Which brings us to Legends of the Fall. Anybody recall this film? It was released in 1994, as Pitt's star was rising and filmmakers were still figuring out what to do with him. Neil Jordan botched the job in Interview with the Vampire (though, in fairness, he had an equally miscast Tom Cruise to contend with). Yet Robert Redford had directed him well in A River Runs Through It, preserving Pitt's smartassiness while bringing out a hitherto untapped sensitivity. Legends of the Fall is A River Runs Through It run amuck. It adds one extra brother, replaces Tom Skerritt's flawed but caring patriarch with Anthony Hopkins' more overbearing version, ramps up the familial angst, and bloats itself into (so it believes) a tragic American epic.
I caught about 20 minutes of Legends this week while flipping past Oxygen, and it's even more horrendous than I remembered. (If ever there was a movie for the Oxygen Channel, this is it.) I had forgotten that Pitt's character was named Tristan, and that he is the type of turn-of-the-century Harlequin stud with flowing golden locks that was mocked at the start of Romancing the Stone. I had forgotten that Pitt along with his two sibling, older Aidan Quinn and younger Henry Thomas, all fall in love with the same woman (Julia Ormond, whose appealing and natural flintiness was airbrushed during this period in a misguided attempt to make her an ingenue). All also go to war -- the First WW -- where their wounds are distributed with dour predictability: Quinn's are physical; Pitt's psychic; and Thomas's lead to his untimely death. Legends of the Fall is the kind of movie where the baby brother with the doe-eyed fiance back home isn't just shot; he's ground into mincemeat by a German machine-gun. Any illusions left over from Glory that Edward Zwick was a competent director were quickly dispelled by this unintentionally hilarious, tone-deaf scene, only one among many.

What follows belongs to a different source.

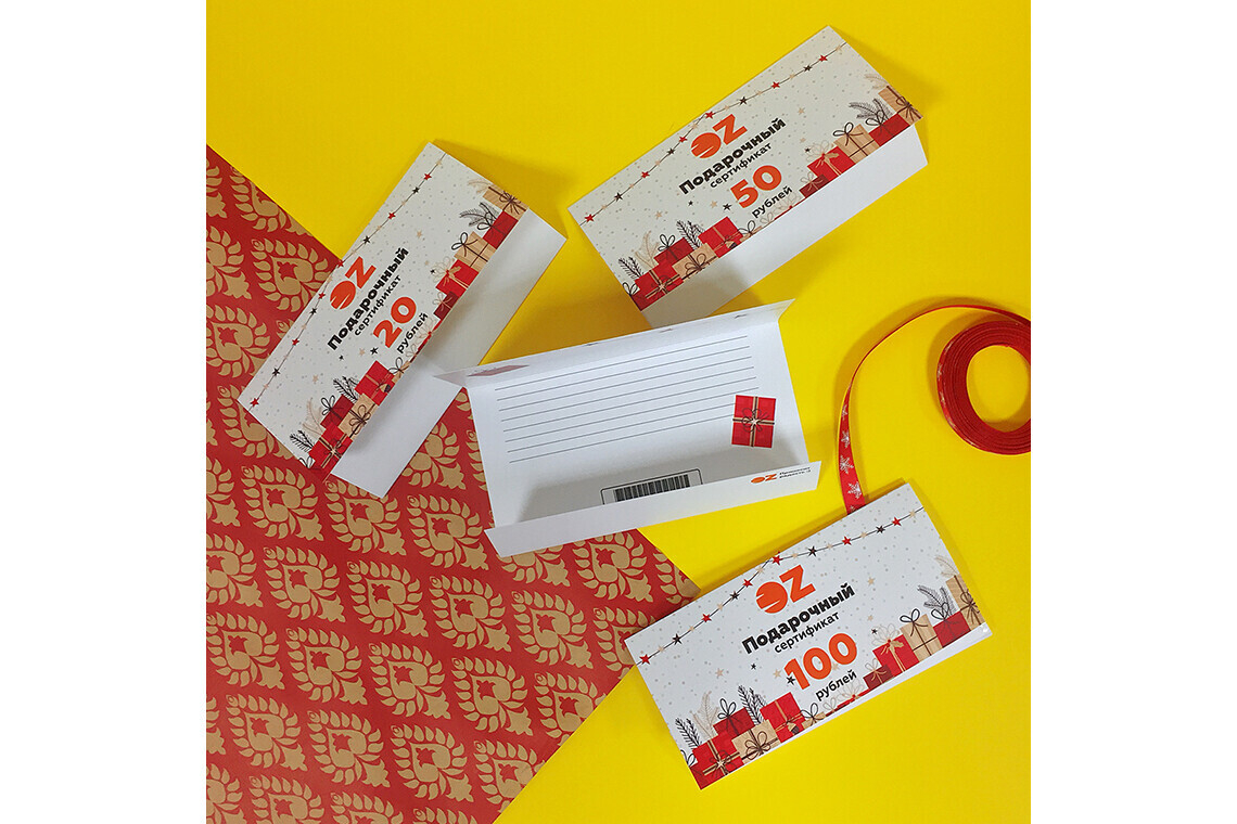 Сертификат — универсальный подарок, с которым сложно прогадать. Купить его, кстати, можно во всех магазинах сети, а также электронный — на сайте или в мобильном приложении. На выбор доступны три суммы: 20, 50 и 100 рублей.

But wait, there's more. After Henry Thomas becomes machine-gun fodder, Pitt isn't happy. No siree. He feels responsible, but more than that he feels that the Jerries are responsible, and he's primed for vengeance. Heroic Man Of Nature that he is, he slips into the tent of a Native American compatriot, apparently confiscates a knife, puts on war-paint and ambushes the pair of Germans. (Note: I wasn't paying complete attention during the tent scene, so please correct any errors of assumption.) Then, after slitting the poor bastards' throats, Pitt scalps them. It's unclear precisely what he does with the scalps but Ormond is undoubtedly drawn to his psychotic machismo so they must have done the guy some good. (There's a later scene where he waked from a nightmare and puts a knife to her throat. If that's not a turn-on, I don't know what is.) Pitt and Quinn return home for the interminable second half of the picture, and I changed the channel.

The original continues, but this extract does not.